ASSIGNMENT.
Each line of the material below is to be written out exactly. Leave out any picture.

SUPPLIED MATERIAL.

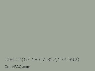 CIELCh 67.183,7.312,134.392 Color is a light green color and the nearest color is Delta #a4a49d. Hex code #9ea69a and RGB value is rgb(158,166,154). In RGB color space, this color is composed of 62% red, 65% green, 60% blue, In CMYK color space, this color is composed of 5% cyan, 0% magenta, 7% yellow , 35% black , In HSL color space, this color has a hue angle of 100° , 6% saturation and 63% lightness.
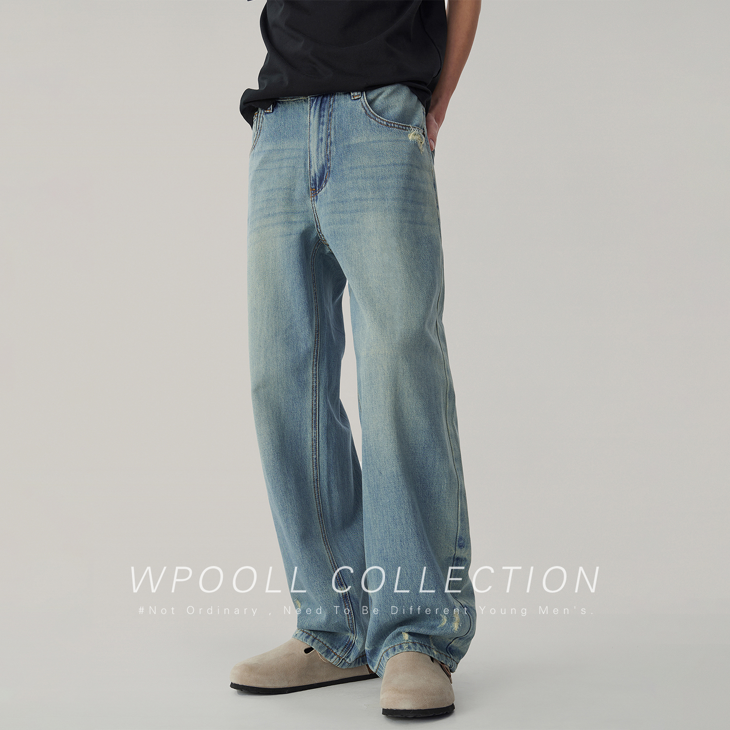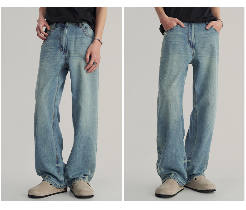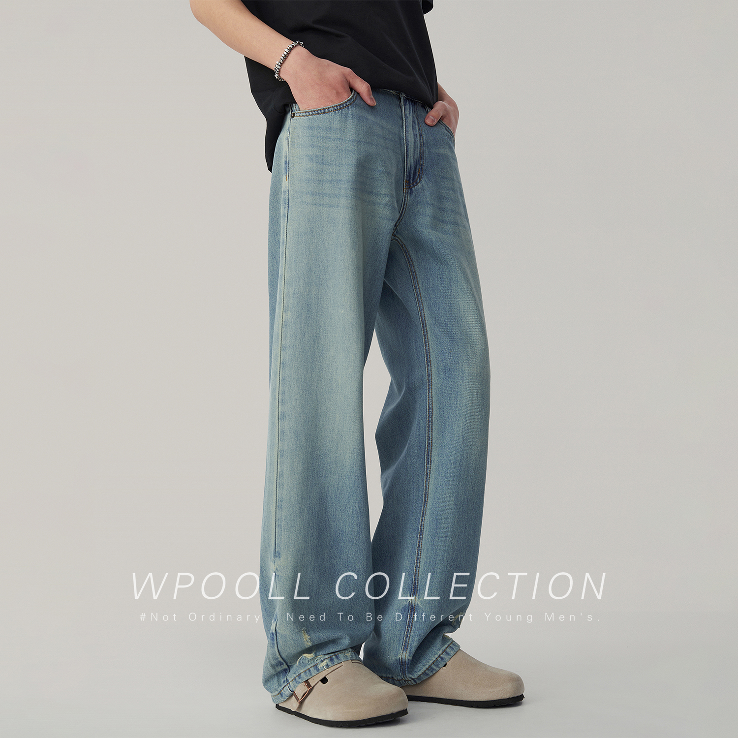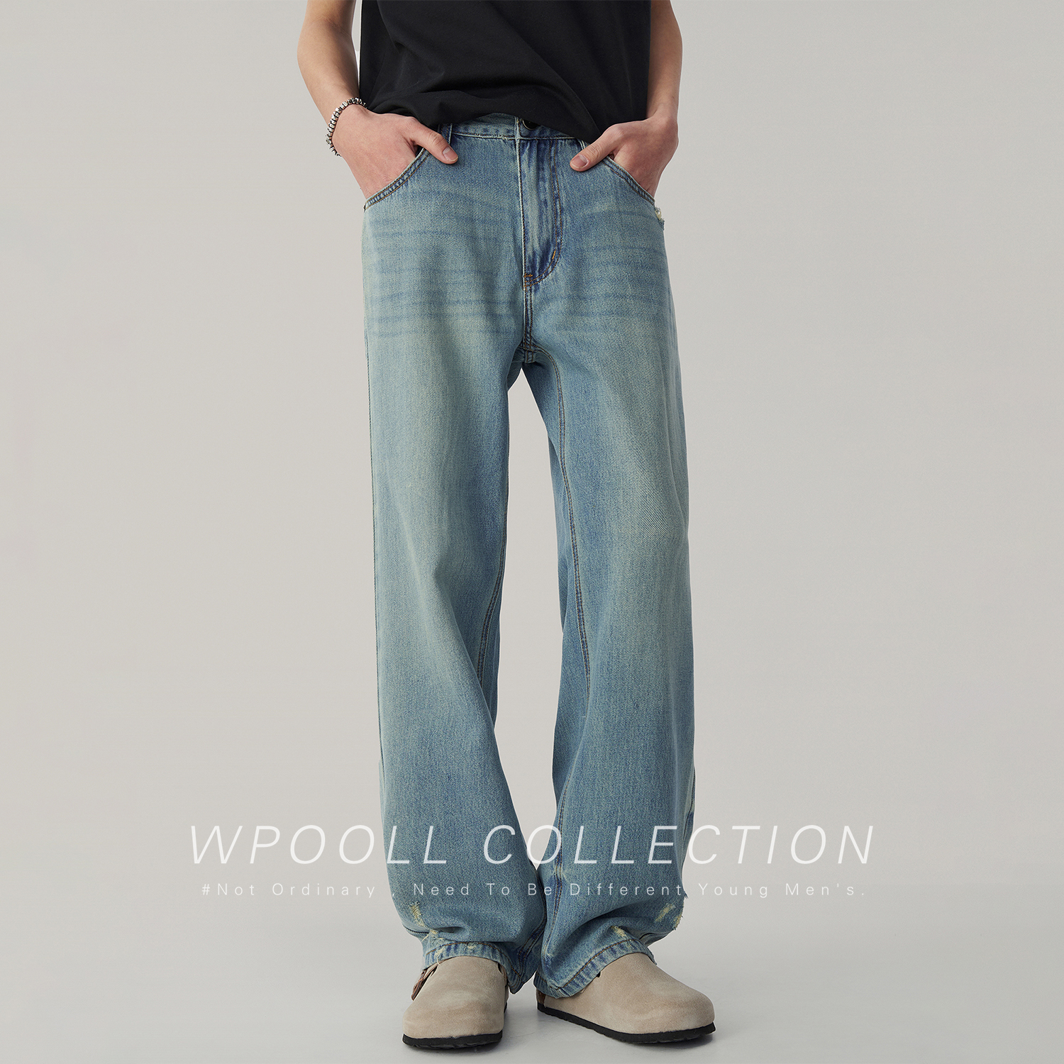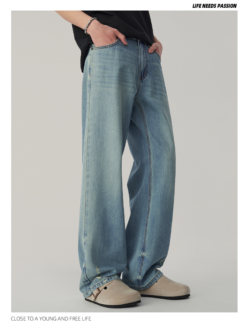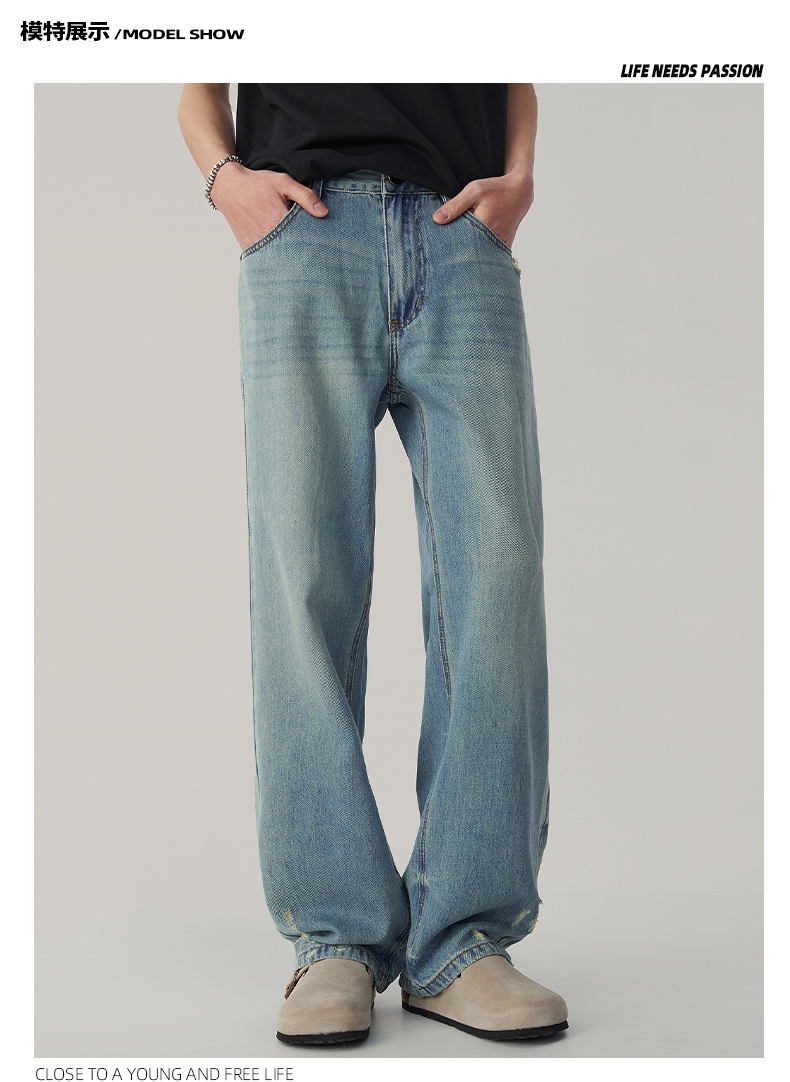 Wpooll 레이온 텐셀 남성용 청바지 2026 가을 얇은 루즈핏 스트레이트 라이트 컬러 드레이프 와이드 팬츠스토어 가기
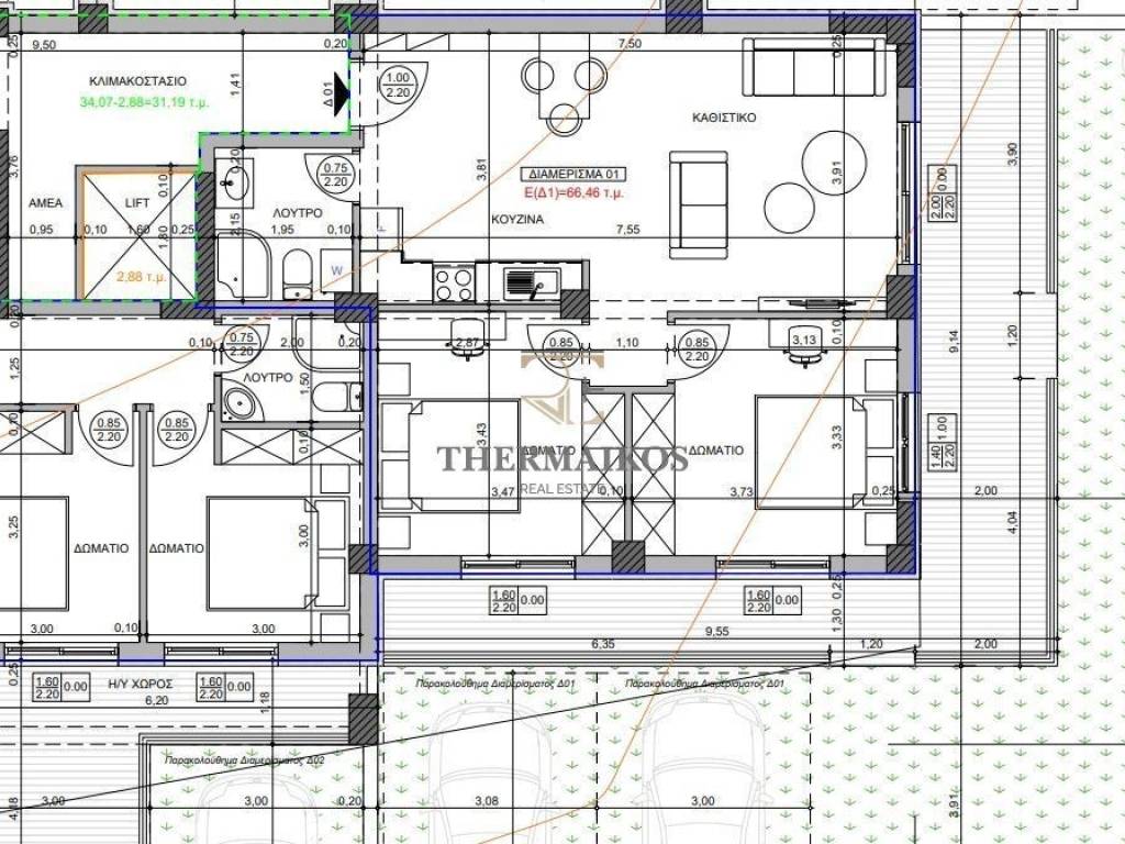 Πωλείται νεόδμητο, διαμέρισμα, 75τ.μ., πρόσοψης, στην περιοχή "Θέρμη". Πρόκειται για ένα γωνιακό, διαμπερές και φωτεινό ακίνητο. Βρίσκεται στο ισόγειο της οικοδομής. Το ακίνητο είναι βαμμένο και αποτελεί μια αξιόλογη επιλογή για φοιτητές και εργαζόμενους. Αυτή τη στιγμή βρίσκεται υπό κατασκευή. Αποτελείται από 2 υπνοδωμάτια με ντουλάπες, σαλοκουζίνα και 1 μπάνιο. Επιπλέον διαθέτει βεράντα, αποθήκη και θέση στάθμευσης. Στα εσωτερικά του στοιχεία αξίζει να σημειωθούν η θωρακισμένη πόρτα ασφαλείας και η δομημένη καλωδίωση. Διαθέτει κουφώματα αλουμινίου. Τα δάπεδα είναι από πλακάκια. Διαθέτει αυτόνομη θέρμανση με φυσικό αέριο (ατομική). Επιπρόσθετα υπάρχει ενδοδαπέδια θέρμανση. Η ενεργειακή του κλάση είναι A. Ο προσανατολισμός είναι βορειοανατολικός. Βρίσκεται κοντά σε αεροδρόμιο και πανεπιστήμιο. Με βάση τα χαρακτηριστικά του μπορεί να χαρακτηριστεί ως μια πολύ καλή επενδυτική επιλογή. Τέλος διαθέτει μονοφασικό ρεύμα. Τιμή πώλησης: 195000€. Το ακίνητο είναι διαθέσιμο από τις: 30/12/2027. Κωδικός ακινήτου: 11146 Η διεύθυνση του ακινήτου δεν ανταποκρίνεται στην πραγματικότητα για ευνόητους λόγους. Το γραφείο Thermaikos Real Estate λειτουργεί βάσει της Ελληνικής νομοθεσίας Ν 4072/11-4-2012. Οι πληροφορίες και τα χαρακτηριστικά των ακινήτων έχουν καταχωρηθεί βάσει στοιχείων και πληροφοριών που προσκόμισε ο ιδιοκτήτης του ακινήτου. Για περισσότερα ακίνητα επισκεφθείτε την ιστοσελίδα μας http://www.thermaikosrealest.gr. Thermaikos Real Estate Κλεάνθους 39, Θεσσαλονίκη, Ελλάδα http://www.thermaikosrealest.gr info@thermaikosrealest.gr Τηλέφωνο: 2310900700 Κινητό: 6907312688 Προσοχή! Για την υπόδειξη του ακινήτου είναι απαραίτητη η υπόδειξη της αστυνομικής ταυτότητας και του Α.Φ.Μ. σας σύμφωνα με τον Ν.4072/11-4-2012 ΦΕΚ 86 Α.

OUTPUT FOR THIS TASK.
 CIELCh 67.183,7.312,134.392 Color is a light green color and the nearest color is Delta #a4a49d. Hex code #9ea69a and RGB value is rgb(158,166,154). In RGB color space, this color is composed of 62% red, 65% green, 60% blue, In CMYK color space, this color is composed of 5% cyan, 0% magenta, 7% yellow , 35% black , In HSL color space, this color has a hue angle of 100° , 6% saturation and 63% lightness.
 Wpooll 레이온 텐셀 남성용 청바지 2026 가을 얇은 루즈핏 스트레이트 라이트 컬러 드레이프 와이드 팬츠스토어 가기
 Πωλείται νεόδμητο, διαμέρισμα, 75τ.μ., πρόσοψης, στην περιοχή "Θέρμη". Πρόκειται για ένα γωνιακό, διαμπερές και φωτεινό ακίνητο. Βρίσκεται στο ισόγειο της οικοδομής. Το ακίνητο είναι βαμμένο και αποτελεί μια αξιόλογη επιλογή για φοιτητές και εργαζόμενους. Αυτή τη στιγμή βρίσκεται υπό κατασκευή. Αποτελείται από 2 υπνοδωμάτια με ντουλάπες, σαλοκουζίνα και 1 μπάνιο. Επιπλέον διαθέτει βεράντα, αποθήκη και θέση στάθμευσης. Στα εσωτερικά του στοιχεία αξίζει να σημειωθούν η θωρακισμένη πόρτα ασφαλείας και η δομημένη καλωδίωση. Διαθέτει κουφώματα αλουμινίου. Τα δάπεδα είναι από πλακάκια. Διαθέτει αυτόνομη θέρμανση με φυσικό αέριο (ατομική). Επιπρόσθετα υπάρχει ενδοδαπέδια θέρμανση. Η ενεργειακή του κλάση είναι A. Ο προσανατολισμός είναι βορειοανατολικός. Βρίσκεται κοντά σε αεροδρόμιο και πανεπιστήμιο. Με βάση τα χαρακτηριστικά του μπορεί να χαρακτηριστεί ως μια πολύ καλή επενδυτική επιλογή. Τέλος διαθέτει μονοφασικό ρεύμα. Τιμή πώλησης: 195000€. Το ακίνητο είναι διαθέσιμο από τις: 30/12/2027. Κωδικός ακινήτου: 11146 Η διεύθυνση του ακινήτου δεν ανταποκρίνεται στην πραγματικότητα για ευνόητους λόγους. Το γραφείο Thermaikos Real Estate λειτουργεί βάσει της Ελληνικής νομοθεσίας Ν 4072/11-4-2012. Οι πληροφορίες και τα χαρακτηριστικά των ακινήτων έχουν καταχωρηθεί βάσει στοιχείων και πληροφοριών που προσκόμισε ο ιδιοκτήτης του ακινήτου. Για περισσότερα ακίνητα επισκεφθείτε την ιστοσελίδα μας http://www.thermaikosrealest.gr. Thermaikos Real Estate Κλεάνθους 39, Θεσσαλονίκη, Ελλάδα http://www.thermaikosrealest.gr info@thermaikosrealest.gr Τηλέφωνο: 2310900700 Κινητό: 6907312688 Προσοχή! Για την υπόδειξη του ακινήτου είναι απαραίτητη η υπόδειξη της αστυνομικής ταυτότητας και του Α.Φ.Μ. σας σύμφωνα με τον Ν.4072/11-4-2012 ΦΕΚ 86 Α.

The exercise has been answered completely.